Criquette Head had not won the race since 1979. ‘I think we’ve got a special filly,’ she said. ‘She’s got a tremendous turn of foot. We’ll try; we’ve got a chance,’ she said, shrugging her shoulders, as if acknowledging the mighty mountain that was Orfevre, the one they all had to climb. ‘We keep our fingers crossed.’

In the paddock, Treve looked very elegant and very composed, pricking her ears at the crowd, but all the cameras were focused on Christophe Soumillon, the jockey of the Japanese horse. He had refused to talk to the press at all before the race, even Clare Balding could not get a word with him. Treve’s rider, Thierry Jarnet, who looks like a horseman not a rock star, went quietly unnoticed. The Ballydoyle team, intense and concentrated, sent out Ruler of the World, the Epsom Derby winner. Roger Charlton hoped that his beloved Al Kazeem could overcome the graveyard draw, on the wide outside. There was strength and depth in the race; it was one of the great Arcs.

Out on the course, Orfevre looked like a stallion at stud rather than a racing colt. He was so vast and muscled and on his toes, his neck crested with power, his quarters almost terrifying. Treve is not a particularly small horse, but she looked like a diminutive ballerina faced with a prize-fighter. She started to get a bit revved up in the parade, held firmly by her lass and her devoted travelling head lad, a small smiling gentleman known as Le Capitaine. Al Kazeem, composed and handsome, seemed as if he was just going for a nice French holiday.

The Japanese smiled their heads off and waved their flags.

At the start, Treve was sweating. She was star-gazing, stretching her neck in the air. Jarnet was imperturbable.

The loading process at Longchamp takes ages. It was a big field, and the occasion had got to one or two. ‘I’d be a little bit concerned for Treve backers,’ said Mick Fitz. ‘She’s getting awfully warm down there.’

And: they were off.

Treve, near the back, was pulling, head still in the air, getting a bump, shunted to the outside, her stride a little scratching. And then, she started to do something almost physically impossible. She started to bounce and accelerate at the same time. She still had not really dropped down, but she was going faster, passing ten horses in a matter of seconds. Into the straight, and she had daylight, a lovely clear run up that famous stretch of turf. Ah, she seemed to say, now you’re talking. Let’s go.

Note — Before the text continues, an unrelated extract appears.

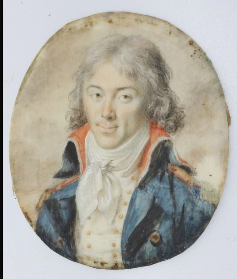 Officier général époque Révolution/Directoire, en uniforme, en buste de trois-quarts à gauche. Miniature sur ivoire ovale, 6,1 x 5,2 cm Cadre postérieur rect. en bois noirci 12.2 x 11 cm

She stretched, she skipped, she galloped, winding herself up so that the further she ran the faster she went. Three, four, five furlongs ahead of the rest. The mighty creature that was Orfevre was left labouring in her wake, as if wallowing in the choppy waters she left behind her. He had no answer to the filly. Nobody had any answers.

‘Treve is tremendous,’ shouted Simon Holt, as she flashed past the line, Jarnet crouched low over her neck, keeping her going with hands and heels.

‘This is one of the best performances I’ve ever seen in the Arc,’ said Johnny Murtagh. ‘These are top class horses and she put them to the sword.’

‘She’s hammered them,’ said Clare Balding, in disbelief.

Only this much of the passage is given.